Em primeiro lugar, não me parece correto organizar uma Santa Inquisição contra os empresários do Shopping e – sobretudo e principalmente – contra os membros do poder judiciário paulista em razão do pedido e deferimento (respectivamente) de uma atuação estatal repressiva ao evento. Sem entrar no mérito de como seria o evento e do que representava, a primeira coisa que podemos extrair do que disse acima é que também o Shopping exerceu um direito constitucional, tão fundamental em nossa Constituição quanto os direitos à igualdade e à liberdade: o direito de acesso à justiça. Não se serviu de segurança privada nem agiu à revelia do Estado. Ao contrário, apresentou ao Estado os fatos e alegou seu direito, pedindo que esse mesmo Estado decidisse se havia razão jurídica na pretensão e, em caso positivo, que interviesse, utilizando seu aparato disponível.

O que fez o Estado? Ao decidir o pedido, o Estado cumpriu o compromisso constitucional que traduz o direito/garantia do acesso à justiça. Assim o fez, pelo que me consta, atendendo a outras garantias constitucionais, como o devido processo legal e a imperativa fundamentação das decisões judiciais.

Quanto ao mérito das decisões, devo abster-me de comentar, mas algumas linhas precisam ser ditas sobre os comentários “bem escritos” que atacam a orientação adotada por tais decisões judiciais.

Fico aqui me perguntando se as pessoas que pugnam por representações no CNJ ou na Corregedoria chegaram a ler alguma dessas decisões. Alguém aí acha mesmo que foram tomadas por motivação discriminatória ou preconceituosa? Algo do tipo: “considerando que participarão do ‘rolezinho’ apenas pretos e pobres, defiro o pedido de liminar, registrando que se fossem brancos e ricos a situação seria diferente”? A par do fato de que tais ímpetos ao estilo “crucifica-o!” são de autoria de pessoas sem o menor conhecimento acerca das dificuldades do trabalho de julgar, causa-me espanto a brutalidade retórica e a violência simbólica como essas coisas são propaladas nas redes sociais. A opinião publicada se avantaja à Constituição Federal e todo mundo aponta seus dedos como lanças, bradando em uníssono a expressão que envergonha os crentes: “crucifica-o!”.

Não li as decisões, mas duvido que sua fundamentação, externada e registrada em cumprimento a uma garantia constitucional, tenha se apoiado nas condições de pobreza, cor da pele ou local de residência dos possíveis participantes do “rolezinho”. Também não li as petições iniciais, e creio ser desnecessário dizer que minhas dúvidas a elas se estendem.

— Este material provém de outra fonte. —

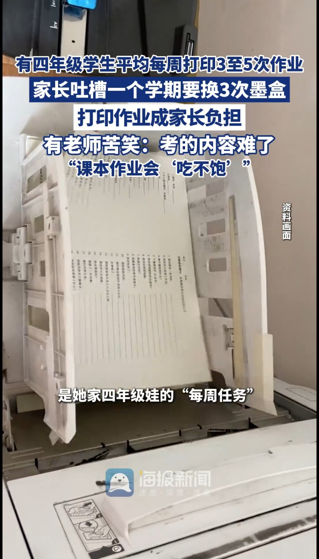 有家长苦笑:“一个学期要换3次墨盒,打印店老板都认识我了!”老师夜里临时发资料,家长随时待命,生怕耽误孩子。一句“愿打就打,不打也行”的回复,更让家长憋屈却不敢言——怕反映后,老师给孩子“穿小鞋”。
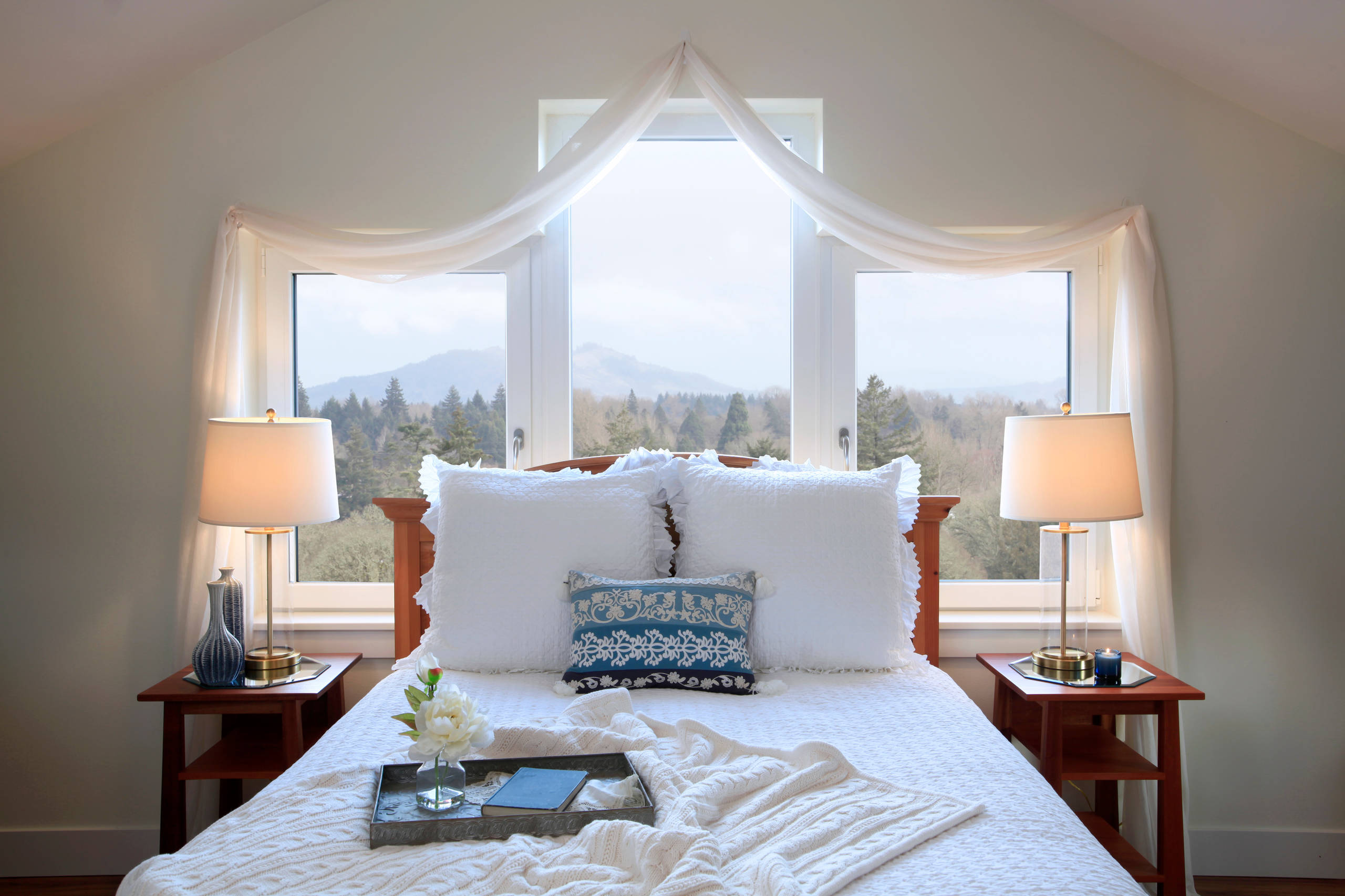 Guest bedroom. More triple-glazed tilt-turn windows light up the master bedroom, which has views all the way to Mount Washington.
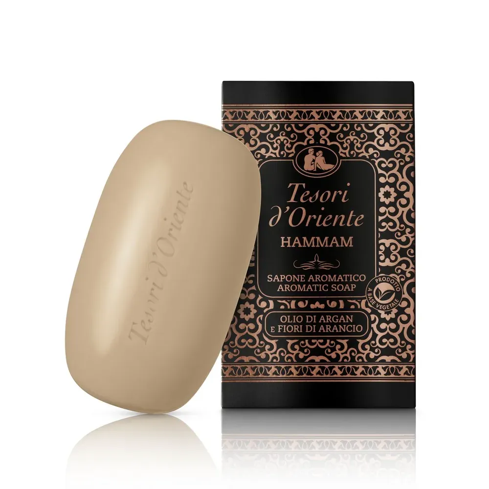 Мыло твердое Tesori D’oriente Хаммам создано на основе натуральных масел. Содержит драгоценное аргановое масло и масло миндаля, дополнено изысканными нотами цветка апельсина. Подходит не только для рук, но и тела.

Se, como juiz de um feito desses, eu recebesse uma petição por meio de que se pedisse para afastar pessoas negras, pobres ou residentes da periferia de um Shopping, não apenas indeferiria a petição inicial, mas enviaria cópias das peças para que o Ministério Público adotasse as providências adequadas. Esse tipo maligno de discriminação não é função do poder judiciário. Ao contrário, no tratamento de todos com igualdade perante as leis, cabe-lhe proteger direitos penosamente adquiridos e cristalizados na Constituição Federal, entre os quais o de ser tratado com isonomia, o de ir, vir, ficar e permanecer, mas também o de pedir ao Estado tudo aquilo que se entender justo, submetendo ao Estado suas pretensões e recebendo dos juízes uma resposta, ainda que seja negativa.

Cabe igualmente ao poder judiciário a proteção desse que, mesmo exercido com respeito e equilíbrio, poderá ser o mais atacado entre todos os nossos direitos constitucionais: o de falar abertamente o que pensa, ainda que não seja o que a maioria (literalmente) esmagadora queira ouvir.